Myth 5: You can use videos, television shows, apps, or toys to teach your child another language.
Television, videos, apps, or toys may not be the most effective way to teach your child another language since young children learn best from social interaction and in the context of a meaningful relationship.
One interesting study exposed 9-month-old, English-speaking American infants to Mandarin Chinese, either through in-person speaking or pre-recordings of the same speakers. Infants who just heard the speakers showed no learning, while the in-person speakers showed evidence of language learning.
However, research does find that adults seem to be capable of learning some language through television shows. Children aged 8 and older may also show some limited learning of language through a television program. Therefore, if your teenager or older child is allowed regular screen time, it may not hurt for this screen time to involve their second language. Just don’t rely solely on technology to teach a second language!
Myth 6: Your child has to hear the second language constantly in the home, or they won’t learn it.
Many parents believe that if your home is not bilingual, there is no point in trying. A recent study found that infants and toddlers showed significant gains in learning a second language when they spent one hour per day on it for 18 weeks in a preschool setting. In this study, the children learned best through play and social interaction and when their teachers used “parentese” (the type of speech that most parents naturally use with infants, which is slow and simple and involves exaggerated pitch and drawn-out vowels).

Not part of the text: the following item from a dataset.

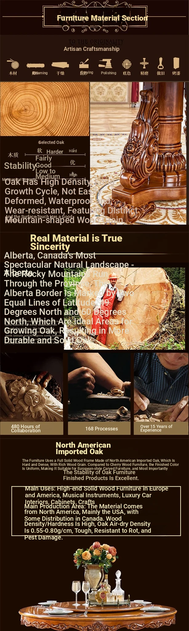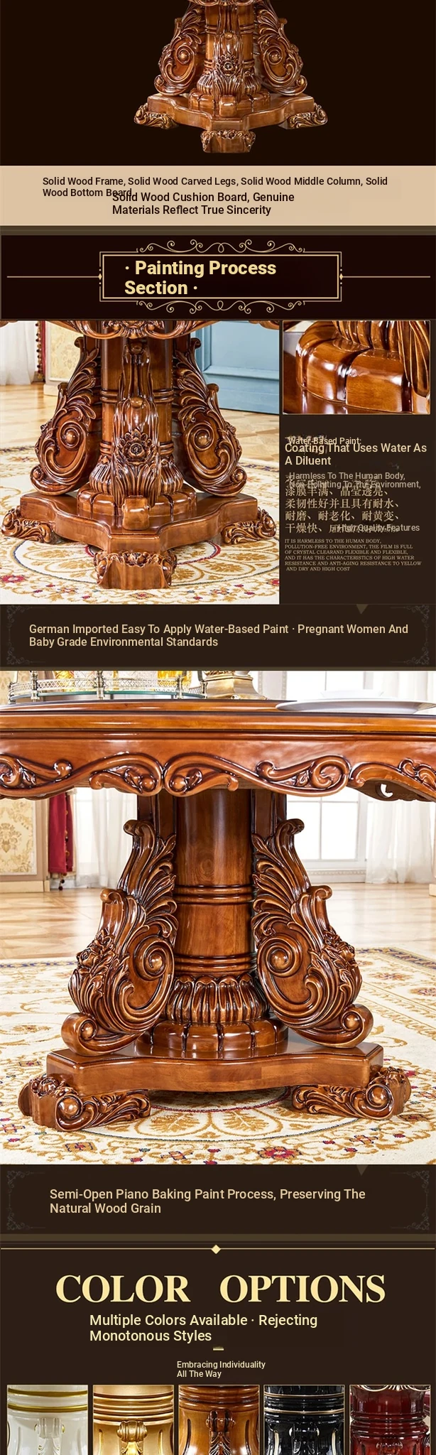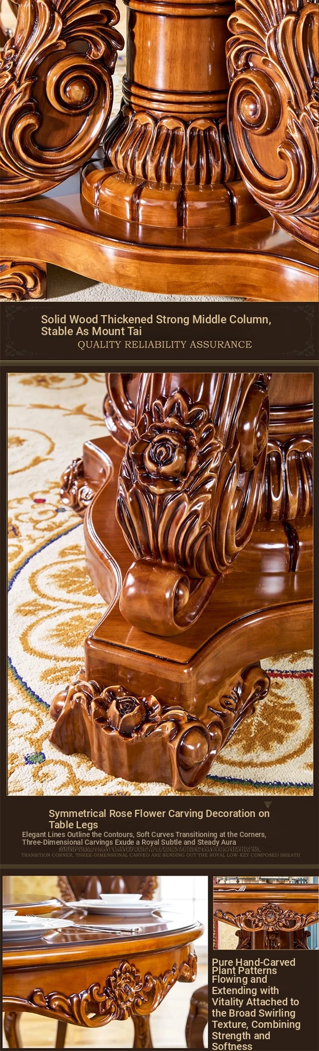 European-Style Solid Wood Round Dining Table Set - Vintage Rustic Dining Table with Lazy Susan for American Villa Homes, Perfect for Family Gatherings and Elegant Dining Experiences

Of course, the more language you expose your child to, the more they will learn and the more efficient they will become in both languages. However, you do not need constant exposure or a bilingual home to raise a bilingual child.

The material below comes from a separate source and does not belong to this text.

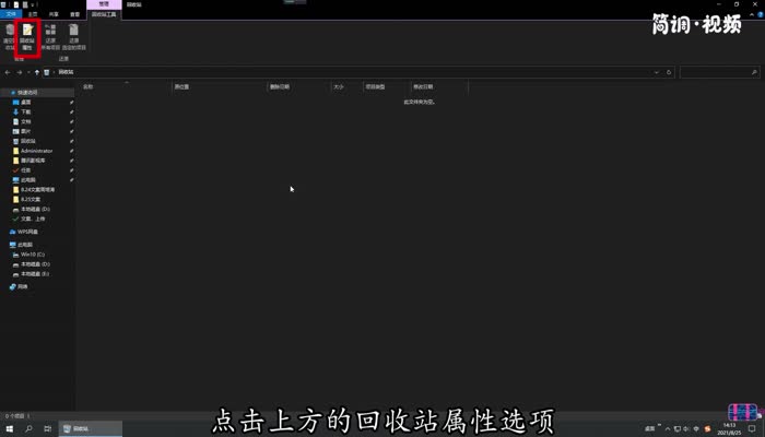 2.进入回收站后,点击顶部的“回收站属性”选项,打开回收站属性窗口;

Myth 7: If your child is diagnosed with a developmental delay, language delay, or autism, you should focus on one language.
Just as some monolingual children experience speech delays and/or developmental issues, bilingual children may also be delayed in language or meet the criteria for a language disorder, developmental delay, or autism. If the child is determined to be developmentally delayed or meets the criteria for a developmental disorder, it is not recommended that you focus on only one language. Research finds that bilingual language exposure is unlikely to cause any additional problems for children with language delays or other developmental concerns.
Raising your child to be bilingual has many benefits and is unlikely to delay language or development in any way. The earlier you can start, the better, but it is never too late to start learning a second language. If you would like to raise your child to be bilingual, research suggests that children learn best through play and social interaction.
Bilingualism does not cause language delays or disorders, or other types of developmental delays. If your child’s language seems delayed and you are raising them in a bilingual environment, you should have them evaluated rather than simply attributing the delay to being bilingual. If you suspect your child has a language disorder or other developmental delay, you do not need to stop bilingual exposure.